- Task instructions
Output, exactly as written, the lines below from the one that has "Suora che suona" through the one that has "Biblioteca da CNEC/IESA"; nothing else, and no pictures.

------------------------

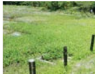
ミズゴケの堆積およびミツガシワの繁茂
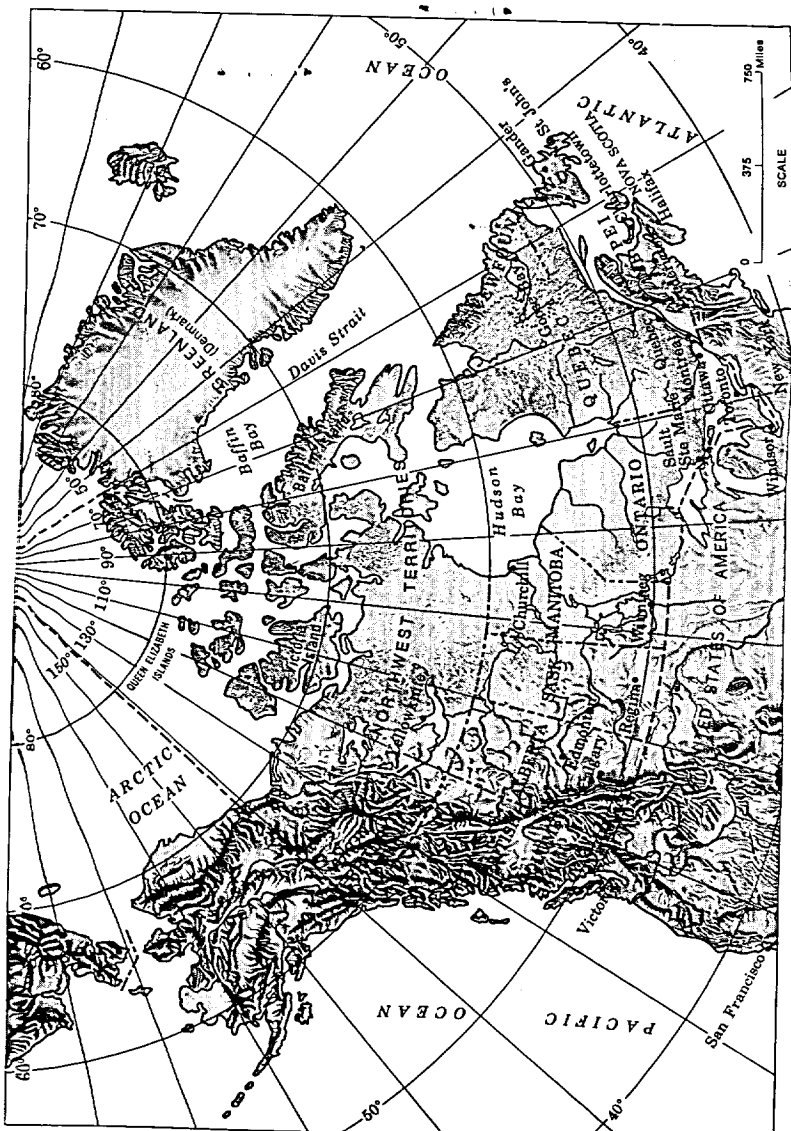
Produced by the Surveys and Mapping Branch, Department of Energy, Mines and Resources, Ottawa, 1973
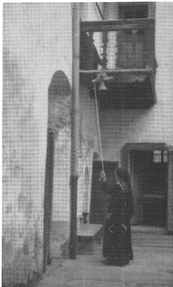
Suora che suona la campanella davanti alla porta del coro e del refettorio
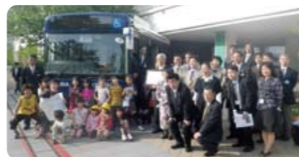
みなさんではいっす
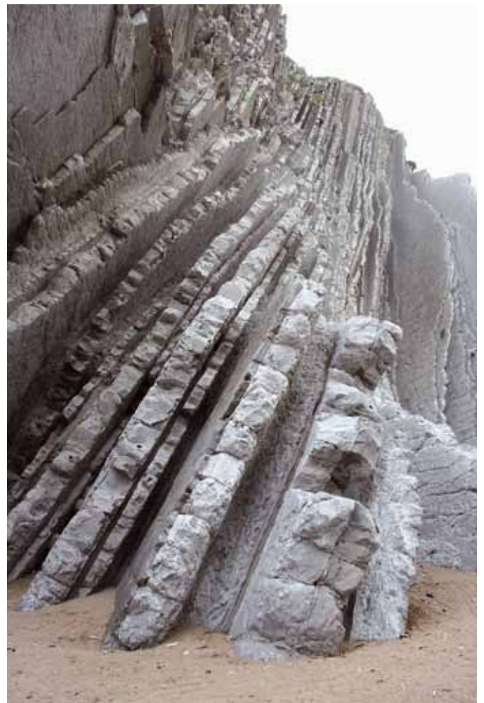
Afb. 8. Boorgaten in de bijna verticaal gestelde kalksteenlagen uit het jongste Selandien, tussen de twee golden spikes op het strand van Zumaia (links onder).

"Dankzij moderne dateringstechnieken hebben geologen alle lagen uit het Paleoceen nauwkeurig kunnen dateren," vervolgt Smit. "Dat is nog niet gelukt voor het jongste, en dus bovenste Krijt. Een nadeel van zowel de Tunesische als Spaanse sedimenten is dat het magnetisch signaal van de mineralen
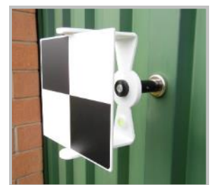
Easy Target con magnete
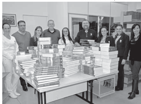
Biblioteca da CNEC/IESA também é aberta para a comunidade

A biblioteca Ministro Ulysses Rodrigues da CNEC/IESA Santo Ângelo, renovou seu acervo, recebendo importantes livros. Exemplares de várias áreas do conhecimento, abrangendo os cursos da saúde, tecnologia e Direito já estão disponíveis aos alunos da Instituição. No total, a biblioteca recebeu 460 novos livros, oferecendo assim uma ampla variedade de materiais para suprir as necessidades dos alunos nas pesquisas acadêmicas.
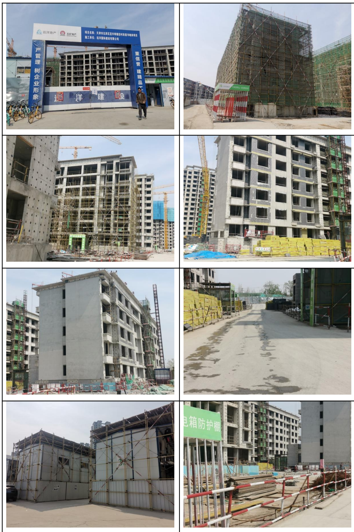
图 1-1 工程现状
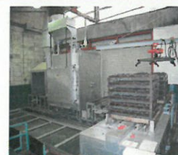
夜間無人運転焼戻炉

また、高周波焼き入れ装置（平成25年度ものづくり補助金事業で採択）の導入により、メリヤス編針の強度向上を実現。更に、YAGレーザー溶接装置（平成28年度ものづくり補助金事業で採択）は、ファインゲージメリヤス編針の品質及び耐久性を向上させ、付加価値の高いメリヤス編針を製造している。
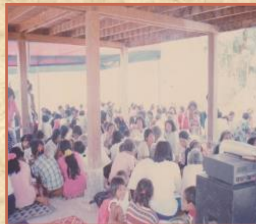
Creyentes en una iglesia pionera

Si cierro los ojos, puedo ver los misioneros filipinos en aldeas, pueblos o ciudades donde el Evangelio no ha sido predicado. Puedo verlos viviendo en lugares que llamarán su hogar. Comer con las personas que llamarán familia. Jugar con los niños del pueblo que tratarán como si fueran suyos. Oren con ellos, lloren con ellos, y adoraren al Señor con ellos, amaos hasta que Dios los lleve a su hogar celestial.
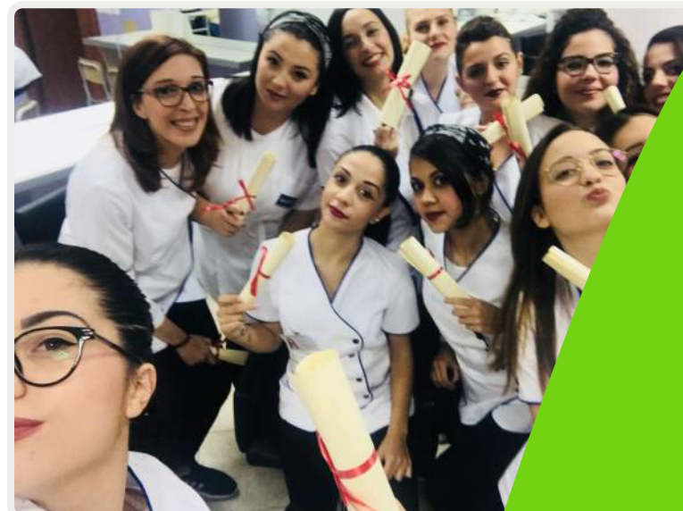
Nelle foto alcuni momenti della consegna degli attestati di qualifica professionale nelle sedi Euroform della Sicilia

Operatore del Benessere (Acconciatore / Estetica); Operatore della Trasformazione Agroalimentare (Pasticciere / Panettiere-Pizzaiolo); Operatore alla Riparazione dei Veicoli a Motore (Rip. parti e sistemi meccanici ed elettromeccanici del veicolo); Operatore dell'Abbigliamento (Stilista / Sartoria); Operatore del Montaggio e della Manutenzione di Imbarcazioni da Diporto (Riparatore e Manutentore di barche a vela e a motore); Operatore ai Servizi di Promozione ed Accoglienza Turistica (Addetto ai Servizi Ricettivi / Addetto d'Agenzia Turistica); Operatore della Ristorazione (Cuoco/Preparazione pasti/Assistente di sala, Barman); Operatore Elettronico (Istallaz. e Ripar. Sistemi Elettr., Reti Informatiche e Impianti Telefonici); Operatore Agricolo (Capo Azienda/Viticoltore/Servizi per l'Agricoltura).
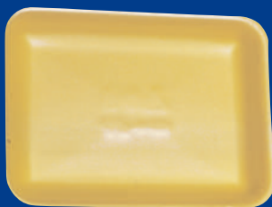
B Bandeja / Tray 2P
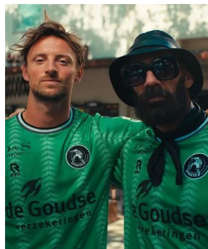
Ode aan de stad

Het alternatieve uitshirt, ofwel derde tenue is een ode aan de stad. Om die reden is het tenue in stijl van de kleuren van de Rotterdamse vlag. Het voetbalshirt is groen en bevat een design van verticale banen. Deze banen hebben dezelfde positie als op het thuisshirt, maar hebben een uniek zigzagpatroon.
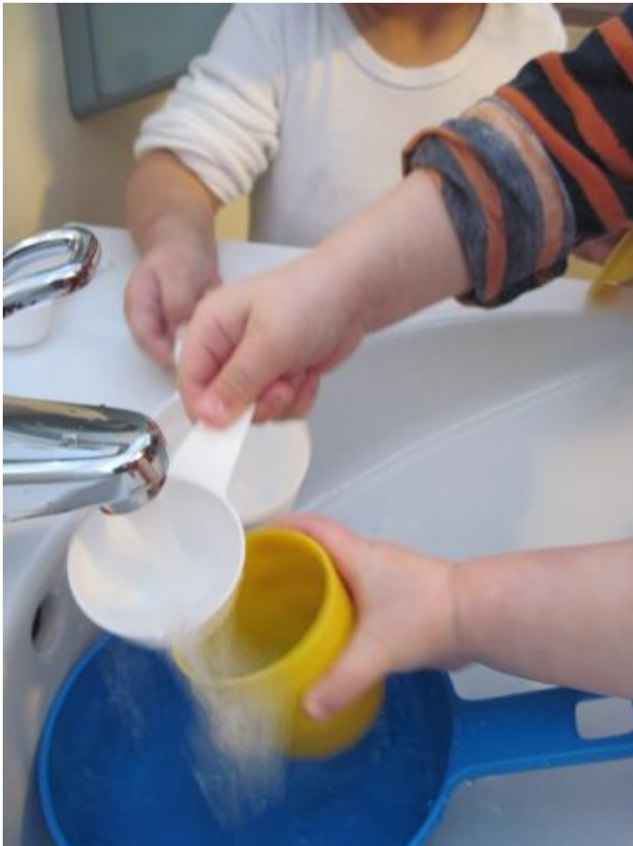
Nu är vattenkranen på en stund, alla vill samla vatten.
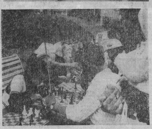
НА СНИМКАХ: ярмарка работает. Фото Д. Коробейникова, г. Кемерово.
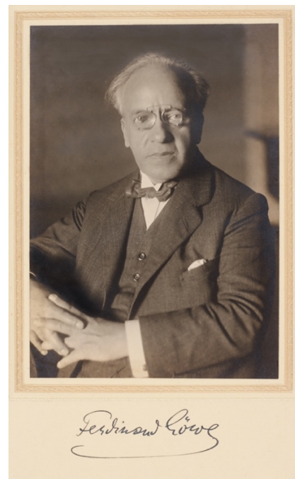
1924. karácsonyán Bécsben.
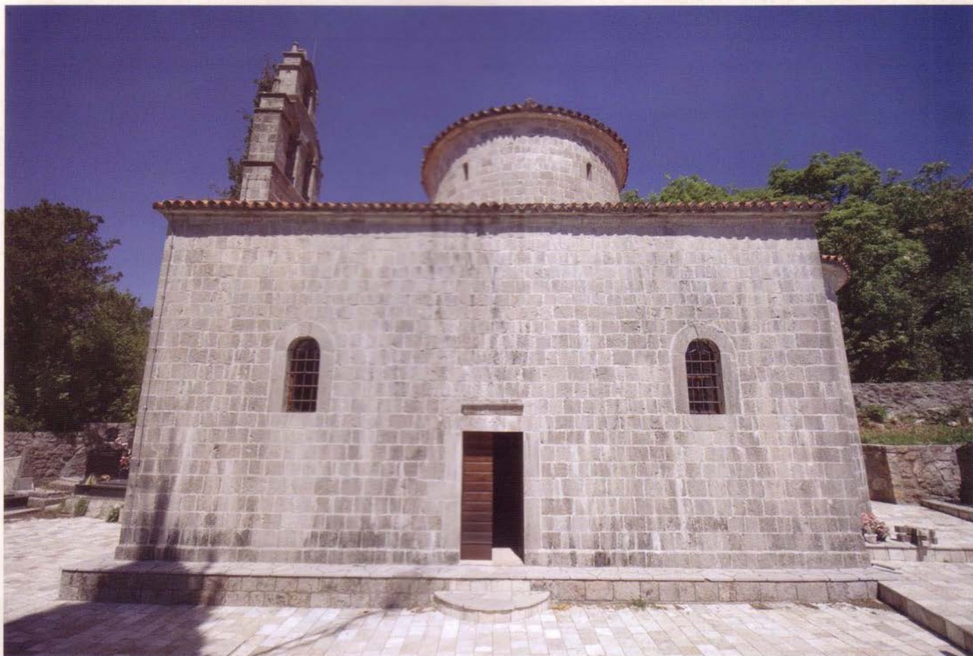
Црква Светог Николе, након обнове 2011. године
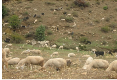
صورة (01): الرعي في جبال بلزمة
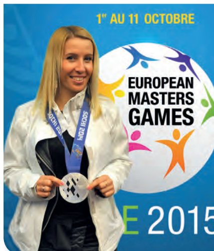
Cécile HERNANDEZ-CERVELLON SNOWBOARD HANDISPORT Vice-Championne Olympique en 2014
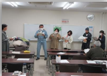
初心者のための英会話
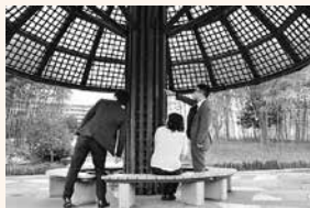
▲七北田公園のあずまや。シーンを思い出しながら、会話もはずみずみ

を通ると、地域の小学生が植えた色とりどりのビオラや葉ボタンが、道行く人の目を楽しませています。泉中央駅(図②)前のペDESTリアンデッキでは、同じく伊坂幸太郎原作の「重力ピエロ」を撮影。連続放火事件の鍵を握る女性を主人公が問い詰めるシーンの撮影は深夜まで及び、ビルの看板の明かりをつけるなど地域の協力もあったそう。近隣の店では、昨年公開された恋愛映画「ママレード・ボーイ」の撮影も行われました。 最後は少女漫画が原作の「俺物語!!」のロケ地、七北田公園(図③)へ。正義感にあふれ、純情で不器用な主人公の恋模様を描いた映画です。公園奥のあずまやでは、主人公に助けられた女性が、お礼のお菓子を渡し、一緒に食べるシーンが撮影されました。まねしてお菓子を食べて一息。市内には他にも映画のロケ地がたくさん。シーンを思い出しながら、訪ね歩いては。
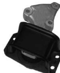
Código: 60075 HIDRAULICO Modelo: 307 - 2.0 HDI Diesel Nº Original: 183993 Soporte de motor (hidráulico)

------------------------

- Solution to the exercise
Suora che suona la campanella davanti alla porta del coro e del refettorio
みなさんではいっす
Afb. 8. Boorgaten in de bijna verticaal gestelde kalksteenlagen uit het jongste Selandien, tussen de twee golden spikes op het strand van Zumaia (links onder).

"Dankzij moderne dateringstechnieken hebben geologen alle lagen uit het Paleoceen nauwkeurig kunnen dateren," vervolgt Smit. "Dat is nog niet gelukt voor het jongste, en dus bovenste Krijt. Een nadeel van zowel de Tunesische als Spaanse sedimenten is dat het magnetisch signaal van de mineralen
Easy Target con magnete
Biblioteca da CNEC/IESA também é aberta para a comunidade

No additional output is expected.